This term, 99 special schools will be taking part in the annual Shakespeare Schools Festival out of a total of just over 1000 schools of all types. Susan Elkin found out more.
Suzanne Wilcock, for example, who teaches English and Drama at Broadfield Specialist School at Oswaldtwistle, near Accrington in Lancashire is involved with year 7/8 students for the fifth time. “It has a profound impact on the lives of the majority of the students” declares Suzanne, telling me that a Year 11 student recently told her warmly that SSF was the best thing he’d ever done in school. “Most of our students – we have far more boys than girls – have autism and there are social and behavioural issues. They tend to be fairly high functioning but they wouldn’t cope in mainstream school.”
The annual pattern for the festival is that teachers attend a summer term workshop – teachers of students with special needs get two – and then benefit from support from SSF staff as they cast, rehearse and prepare a 30-minute version of the play they’re assigned for performance in October or November. This year Suzanne’s students are doing Macbeth. Regional festivals held in partner professional theatres present four different plays from local schools.
Claire Meade, SSF Senior Co-ordinator with responsibility for inclusive provision, says: “When the four schools come together to rehearse they do a company workshop together and so the special schools get the opportunity to work alongside those from mainstream schools and they’re usually connected and laughing within minutes.”
“They are usually quite frightened at the beginning so it’s a real challenge although some of the year 8s are doing it for the second time so they know what to expect” says Suzanne. “But the games are such fun that it doesn’t seem like work and soon they are operating as a real team and that usually lasts for the rest of the school year”.
When she starts the project each year after the casting workshop, Suzanne’s students perform a short piece for the rest of the school. “There’s a huge contrast between the work they produce then and what they can do in their final performance.

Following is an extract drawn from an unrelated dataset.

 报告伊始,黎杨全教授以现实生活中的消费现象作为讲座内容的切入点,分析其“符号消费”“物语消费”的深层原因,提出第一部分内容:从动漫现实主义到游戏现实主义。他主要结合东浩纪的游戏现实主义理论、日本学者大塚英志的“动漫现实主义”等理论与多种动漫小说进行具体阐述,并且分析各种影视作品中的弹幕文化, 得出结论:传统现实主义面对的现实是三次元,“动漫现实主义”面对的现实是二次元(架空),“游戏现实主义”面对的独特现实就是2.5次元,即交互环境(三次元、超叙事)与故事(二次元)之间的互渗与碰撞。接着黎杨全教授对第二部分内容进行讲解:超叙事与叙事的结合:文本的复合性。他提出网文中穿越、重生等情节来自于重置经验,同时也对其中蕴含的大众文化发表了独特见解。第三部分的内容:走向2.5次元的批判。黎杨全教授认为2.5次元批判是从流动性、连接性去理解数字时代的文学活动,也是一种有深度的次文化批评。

Colleagues and I often look at the production in amazement asking ourselves whether X or Y is the same child.”
Last year Suzanne took Broadfield’s production on a tour after the festival. “We visited local primary schools and ran a question and answer session after the show.”

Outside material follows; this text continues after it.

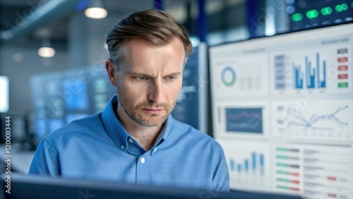 A medium closeup of a factory operations manager analyzing a screen filled with analytics and graphs related to the smart grids performance.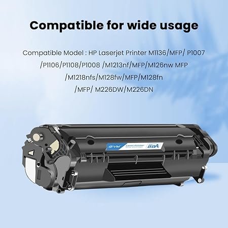 Compatible for wide usage: Excellent choice for school, bank, office, hospital and even at your home. For Use In : HP LaserJet P1007/P1008/P1106/P1108/Pro M1136/M1213nf/M1216/M1139 MFP HP LaserJet Pro M202dw, HP LaserJet Pro MFP M128/M226, HP LaserJet Pro M1219nf

The autumn festival is now only a part, although it’s the core of the work, of what the renamed Shakespeare Schools Foundation does. The remit has widened. “We now also offer bespoke Shakespeare-based development projects to schools of all sorts at other times of the year” explains Claire. “There have been two in special schools this year for example.”

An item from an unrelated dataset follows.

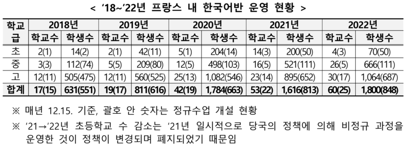 교육부에 따르면 한국어반을 운영하는 프랑스 초·중·고교는 2018년 17곳에서 지난해 60곳으로 3.5배 증가했다. 학생 수도 631명에서 1800명으로 3배 가까이 늘었다. 같은 기간 한국어능력시험(TOPIK) 응시자도 292명에서 780명으로 확대됐다.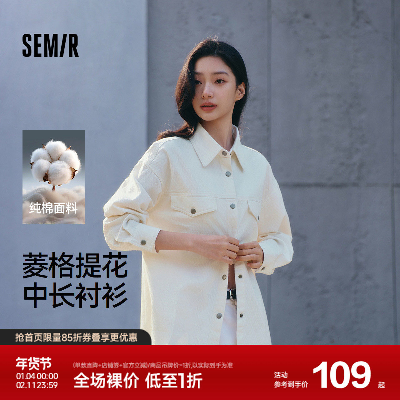 森马长袖衬衫女春中长款菱形格纯棉oversize白色提花肌理通勤衬衣

One of these was at Queensmill – an all age school at Shepherd’s Bush in London specialising in autism. “Using The Tempest as the focus we worked with every class in the school during an intensive three week residency. It involved a thirty minute daily workshop for every class.”
When you talk to anyone who works for or with SSF the words “confidence”, “imagination” and “collaboration” come up again and again. “There were quite dramatic breakthroughs every day as we watched children, for example, start to communicate in new (for them) ways. It meant we had to have lots of ideas, and be able to think on our feet and be very flexible” says Claire.
This year’s other special school project was at Rushmere Hall, Ipswich where the aim was to work on speech, listening skills, confidence and emotional understanding with children with special needs in years 1 and 2 – and it was paid for by a donor to the school. “We went in weekly over two terms with A Midsummer Night’s Dream” Claire says, adding that it was the first time SSF has worked in this way – being in a school regularly – and that she learned a great deal from it.
“We introduced the story in tiny chunks – such as Oberon and Titania having an argument.” Claire recalls as she describes this narrative-driven journey filled with group activities to develop their communication skills. “We planned our focus but also had to be very flexible. Everything is bespoke in this sort of work.”
The defining development at Rushmere involved a very young selective mute. “We cast him as the lion in the rude mechanicals’ play so that he wouldn’t need to speak. And he developed a voice, a roar, for the lion! It was a huge transformation and massively uplifting for us. It taught me a lot too,” Claire says.